Unite seeking £100m to accelerate student property development in key cities

March 6, 2014

Bristol-based student accommodation specialist Unite is to raise around £100m through new shares to speed up its development programme in key UK university cities.

The firm said half the new funding would be used in this way to take advantage of cyclically-low development costs. The other half will be used to increase the group’s stake in USAF (The UNITE Student Accommodation Fund) from 16% to 22%.  

USAF is an established, leading multi-investor fund set up by Unite in 2006 and owns a geographically-diverse portfolio of income-generating student accommodation assets worth £1.35bn focused on key university towns and cities.

UNITE chief executive Mark Allan said the fundraising was aimed at “building on a period of sustained strong performance in the business”.

He added: “It allows Unite to capitalise on a window of opportunity in two ways, by accelerating regional development activity and by increasing our stake in the high quality USAF portfolio at returns above those achievable in the open market for investment assets.”

Unite said the fundamentals of the UK student accommodation market remained strong and had underpinned a resilient performance during the challenging economic environment of the past few years.

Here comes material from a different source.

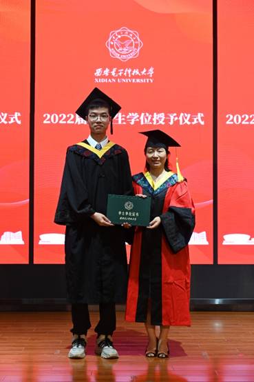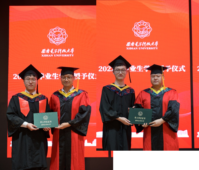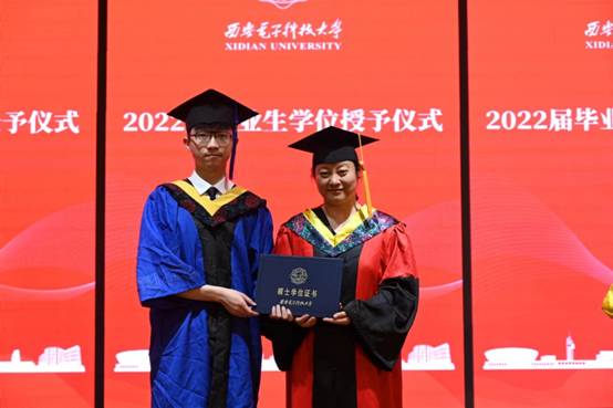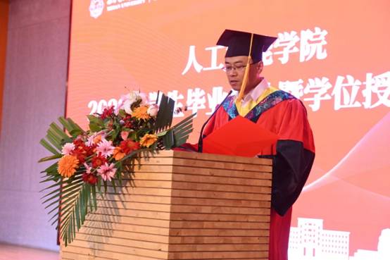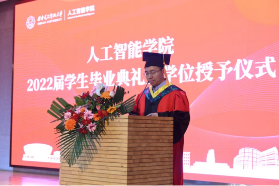 优秀毕业生代表邵奕霖在发言中首先感谢学院的照顾与培养、感谢老师的传道授业解惑,为同学们的学习生活保驾护航、遮风挡雨。他号召毕业生以国家发展、社会进步、人民幸福和人类福祉为先,将勇闯“无人区”,敢做“领头雁”的精神继续传承下去, 在新一代人工智能快速发展中贡献西电智慧。

For the current academic year 2013/14 there are approximately 677,000 applicants for 496,000 undergraduate university places – close to the highest ever levels achieved in 2011/12.

Applications for the 2014/15 academic year were encouraging and show a 4% year-on-year increase. These latest statistics were the result of a long period of significant, almost uninterrupted, growth in student numbers, said Unite/

For the 2013/14 academic year, there were now 1.7m full-time students in the UK compared to 600,000 in 1991. Unite said taking these factors together, it believes that demand for UK university places remains high.

Student numbers are set to increase further following the Government’s announcement in December 2013 of its intention to remove the cap on student places in the 2015/16 academic year and to increase it in the interim by 30,000 places for the 2014/15 academic year.

The Government itself forecasts that the removal of the cap could lead to an increased intake of 60,000 students, equivalent to an increase of 12%.

The rate of growth in the supply of new student accommodation has fallen sharply in recent years, particularly outside London. There are approximately 500,000 purpose-built bed spaces across the UK, leaving approximately 1.2m full-time students needing to find alternative places to live. These conditions are expected to persist for the time being and Unite expects approximately only 31,700 net additional bed spaces to be added to supply in the next three years, of which 9,200 are expected in London. Given the existing shortfall and the projected growth in student numbers, demand remains likely to exceed supply in the long term.